But, despite the success of SB 1180 in 2014 and the high awareness level of the state’s opioid abuse crisis, Pennsylvania physicians continue to practice without that extra arrow in their quiver. To date, Pennsylvania’s prescription drug monitoring tool has yet to go live.
But progress is being made.
During a mid-February meeting of the ABC-MAP Board, the Pennsylvania Department of Health introduced the project vendor – Appriss, which manufactures the PMP AWARxE system. Currently 23 states utilize Appriss’ PMP solution. Additionally, Appriss is the company that the National Association of Boards of Pharmacy used to create and manage their PMP InterConnect system, which facilitates interoperability and interstate data sharing between prescription monitoring programs.

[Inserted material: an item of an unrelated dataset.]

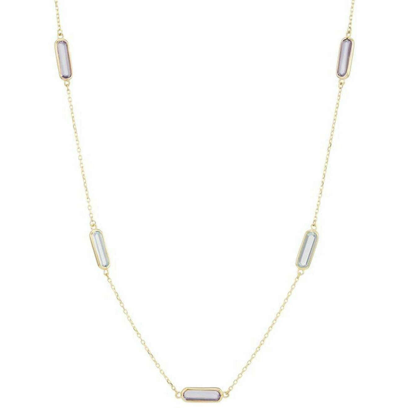 Perfecto para las mujeres es este collar de topacio y amatista en forma de rombo azul/oro amarillo de Mark Milton; también está hecho de oro de 9 quilates. Mide 46 cm (largo). Todos los collares vienen completos con el embalaje de Mark Milton. El collar Mark Milton Lozenge de amatista y topacio - Oro amarillo/azul presenta piedras preciosas de amatista y topacio en una cadena de oro. Este collar es delicado y tiene un diseño llamativo, perfecto para el uso diario o perfecto para una ocasión especial.

Sources inside the Pennsylvania Medical Society are hopeful for the system to be delivered to the state during the summer months and available for physician use shortly later.
“When you factor in all that health care professionals and state officials are doing, there likely is no other public health issue in Pennsylvania getting as much attention,” says Lawrence John, MD, president of the Allegheny County Medical Society and a family physician in Pittsburgh. “This crisis hit us like a tidal wave. It was the perfect storm of misunderstanding at a time when pain was being undermanaged. Time has shown us more now than we were able to see back then about the potential for misuse and abuse.”
Pennsylvania Medical Society’s Dr. Shapiro agrees, and adds, “it’s going to take some time to see the benefits of all these initiatives, but we are on the right path and we will see results.”
Sidebar Tips
In Pennsylvania, locations have been set up throughout the state for residents to dispose of medications they no longer need. A complete list of locations can be found at https://apps.ddap.pa.gov/GetHelpNow/PillDrop.aspx
The Pennsylvania Medical Society offers the following tips when disposing of unused medications:
• Add medicine cabinets to your list of Spring Cleaning Projects.• Get rid of medications you no longer use by dropping them off at a designated take-back location.• Unless instructed to do so, do not flush medicine down toilets.• Leave medications in their bottles when visiting a take-back location.• Remove all personal information from the bottle’s label before disposing.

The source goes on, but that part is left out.